We fixed the name matching (normalize accents/initials/suffixes, disambiguate same-surname players by who is currently off the floor), stopped discarding whole games (keep the valid five-on-five possessions and skip only the corrupt stretch), and replaced an arbitrary lineup-repair rule with one that evicts the player who has gone longest without a play. That recovered games from ~470-500 per season to ~1,230, roughly 2.5x the data.
How we know it is working: split-half reliability
The hard question is not “did it produce numbers” but “do the numbers measure anything real.” The clean test is split-half reliability:
- Randomly split the possessions into two halves.
- Compute RAPM independently on each half.
- Correlate the two resulting sets of player ratings.
If RAPM is measuring a real, stable player quality, the two halves should agree: a genuinely good player looks good in both. If it is noise, the two halves disagree, because each is fitting its own random lineup luck. The correlation between the halves is the reliability. It is the same idea as handing two graders the same essays and seeing whether their scores line up.
A related check is year-over-year stability: correlate a player’s rating this season with last season. A real skill measure is fairly stable from one year to the next.
For reference, our BPM (a box-score metric) has year-over-year stability around 0.79. Two independent halves or two adjacent seasons of a metric that works land in roughly the 0.5-0.8 range.
The 0.5 boundary
Reliability runs from 0 (pure noise, the two measurements are unrelated) to 1 (perfect, they agree exactly). The reliability is itself the share of the spread across players that reflects real differences rather than noise: 0.5 means about half of what separates players is real and half is the luck of which lineups they happened to share, 0.7 means about 70% is real. (This is the definition of reliability in classical test theory, not the squared correlation; do not square it.) Below ~0.5 a metric is dominated by noise and is not trustworthy for ranking individual players; ~0.5-0.7 is the range where a single-number rating becomes genuinely useful, and it is about where the best public impact metrics live. So 0.5 is a rough usability line, not a magic threshold: cross it and the metric is telling you more about the player than about the randomness of his schedule.
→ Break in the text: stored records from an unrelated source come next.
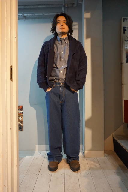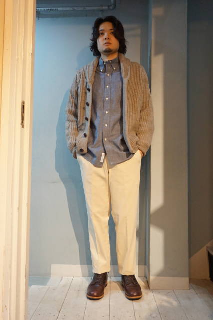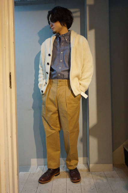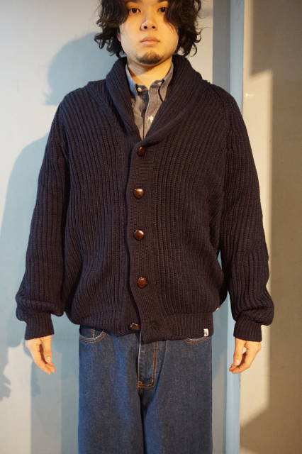 ゆったり目のボディに、大き目のSHAWLCOLLARが特徴のCARDIGAN、、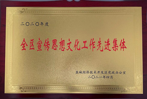 集團(tuán)榮獲鹽城經(jīng)濟(jì)技術(shù)開發(fā)區(qū)黨政辦公室頒發(fā)的2020年度“全區(qū)宣傳思想文化工作先進(jìn)集體”獎(jiǎng)項(xiàng)。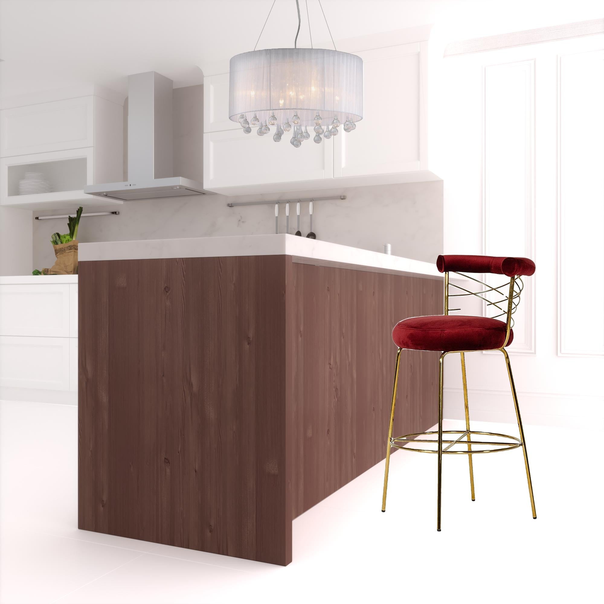 - Glam lux red polyester velvet and gold high top Bar Height Bar Stool.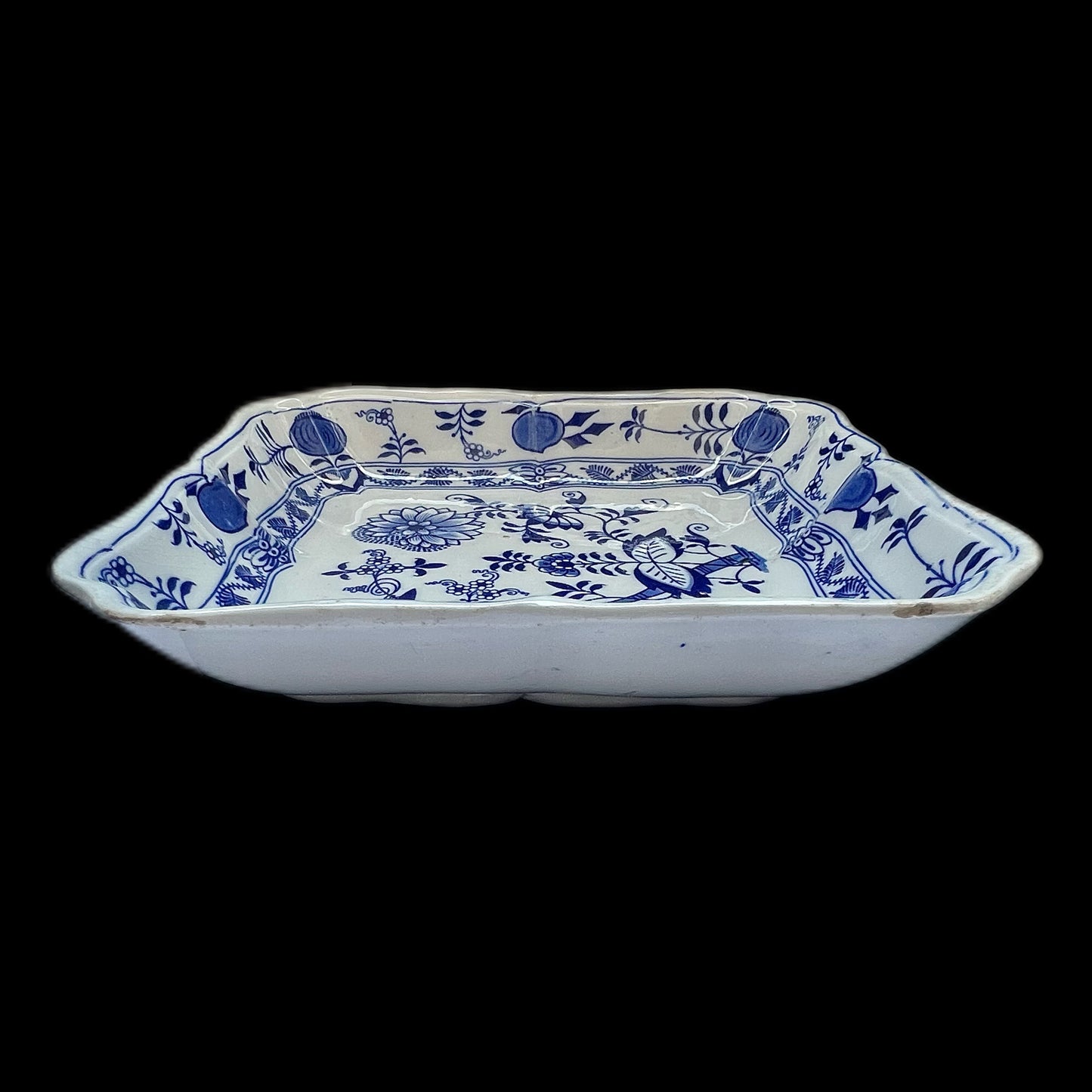 Antique Lewis Strauss & Son's blue and white transferware square serving dish in Blue Meissen pattern

One technical note. Split-half uses only half the data for each estimate, which understates the reliability of the full metric. The Spearman-Brown formula corrects for this: full-data reliability ≈ 2r / (1 + r), where r is the split-half correlation. A split-half of 0.49 corresponds to a full-data reliability near 0.65.
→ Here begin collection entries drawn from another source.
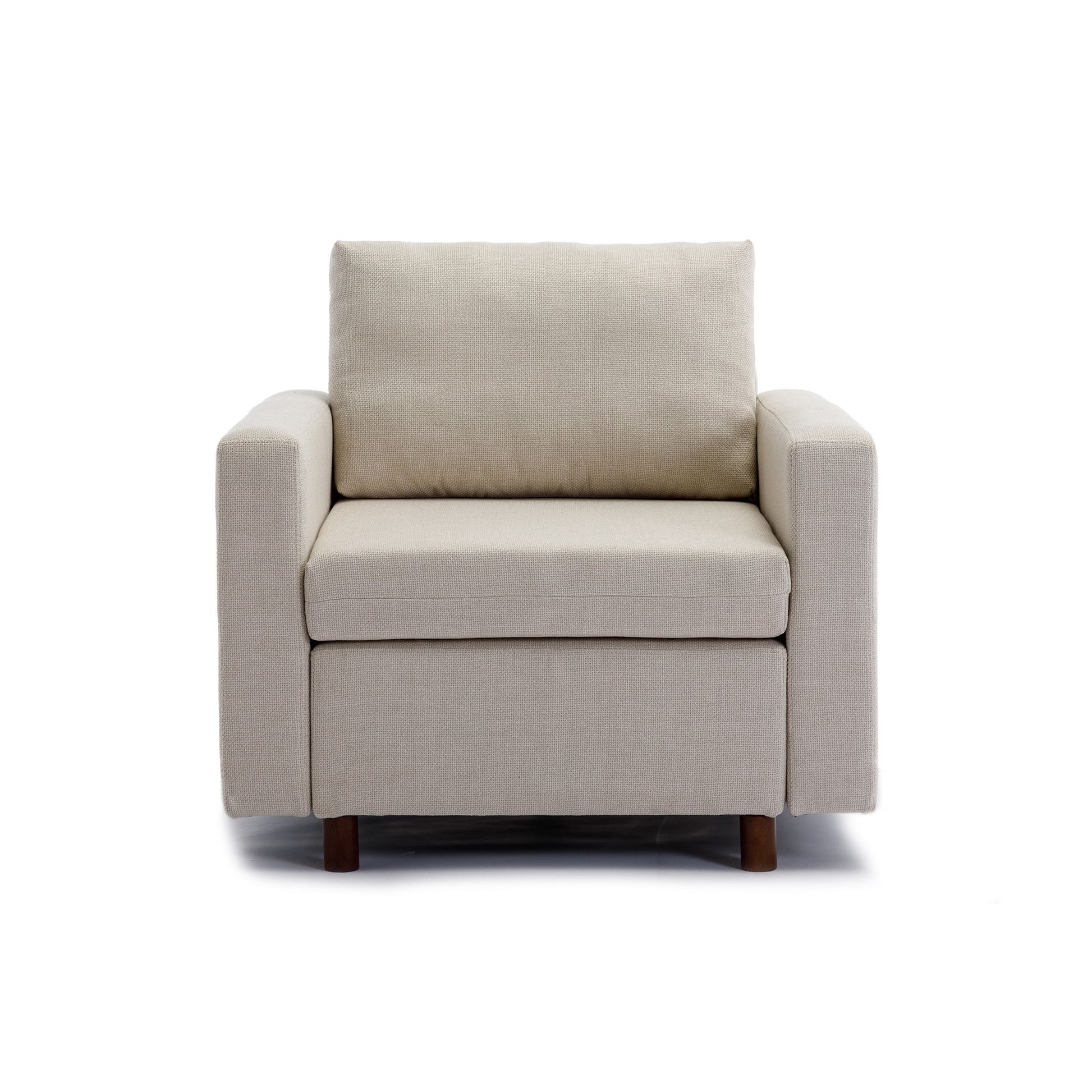 Single Seat Module Sofa Sectional Couch, Cushion Covers Non-Removable And Non-Washable, Linen Fabric And Comfy Cushion Wood Legs - Brown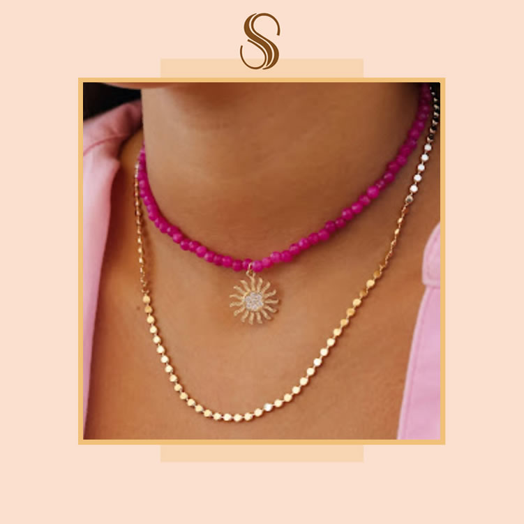 Colar Pedra Ágata Rosa c/pingente |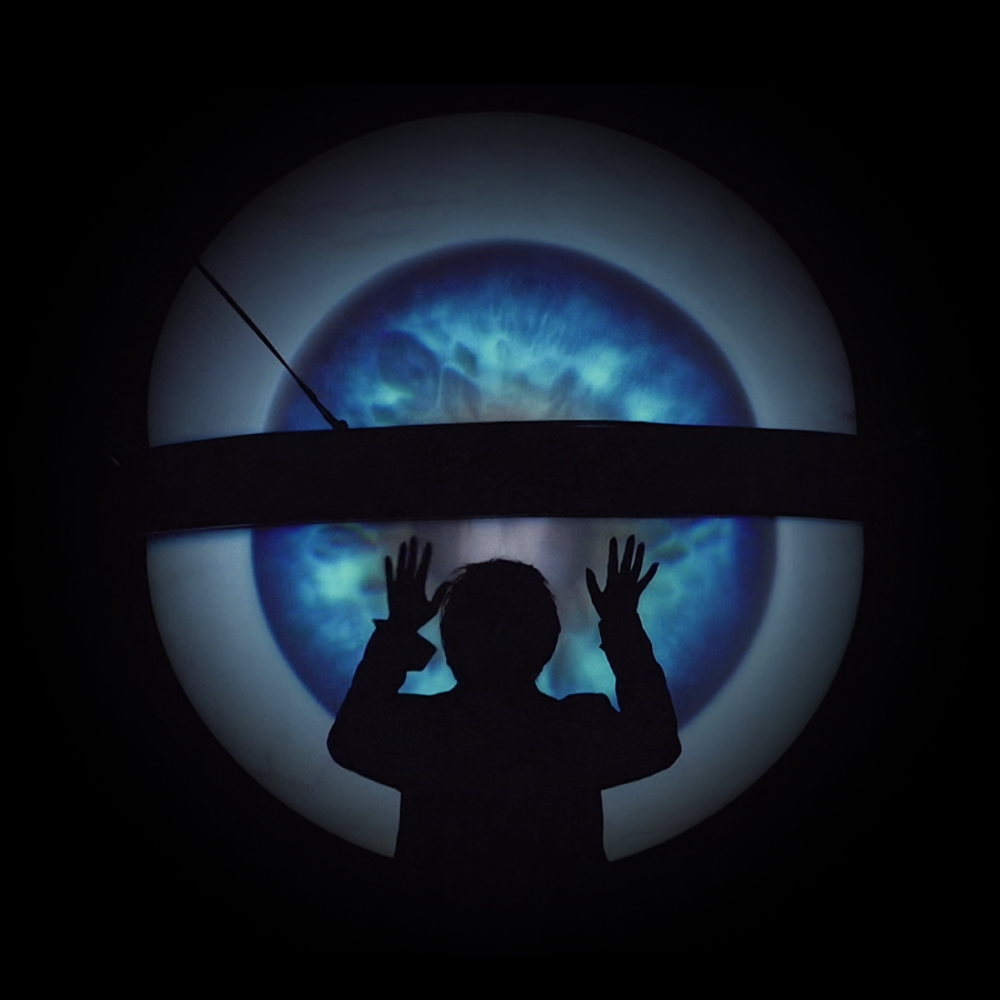 The installation consists of two acrylic glass hemispheres on which the images of the Eye or the sun are projected from the inside. The hemispheres are connected by a central technical disk that houses the two video projectors alongside the required optical equipment (lenses and mirrors), a network router, a sound card, and the several power supplies and cables. Eight loudspeakers are positioned around this technical equator, providing spatialised sound, as well as sixteen infrared cameras which allow the Eye to sense motion in its vicinity. Finally, two more wide-angle infrared cameras are installed centrally on both sides of the equator disk allowing for hand detection through the semi-transparent hemispheres.

Where we landed, and how many seasons it takes
Before the fixes, bare RAPM had a split-half reliability around 0.10 at every minute level, even for 2,000-minute players. That is noise: two halves of the data barely agreed. After recovering the discarded games and repairing the lineup tracking, and pooling multiple seasons, the picture is very different:
| Pooled seasons | Split-half | Full-data reliability (Spearman-Brown) |
|---|---|---|
| 3 | 0.49 | ~0.65 |
| 5 | 0.52 | ~0.68 |
So the honest answer to “how many years do you need for a stable RAPM” is about three: three pooled seasons already clear the usable ~0.5 line (full-data reliability near 0.65), and pooling five adds little (~0.68), and the prior-informed version (RAPM shrunk toward BPM) is steadier still, because the box-score prior absorbs the residual lineup noise. The single-season version stays noisy, which is exactly why every published metric pools years and leans on a prior.
The lesson worth keeping: the thing that turned our RAPM from noise into a usable metric was not a cleverer estimator. It was fixing the data pipeline that was silently throwing away 60% of the games.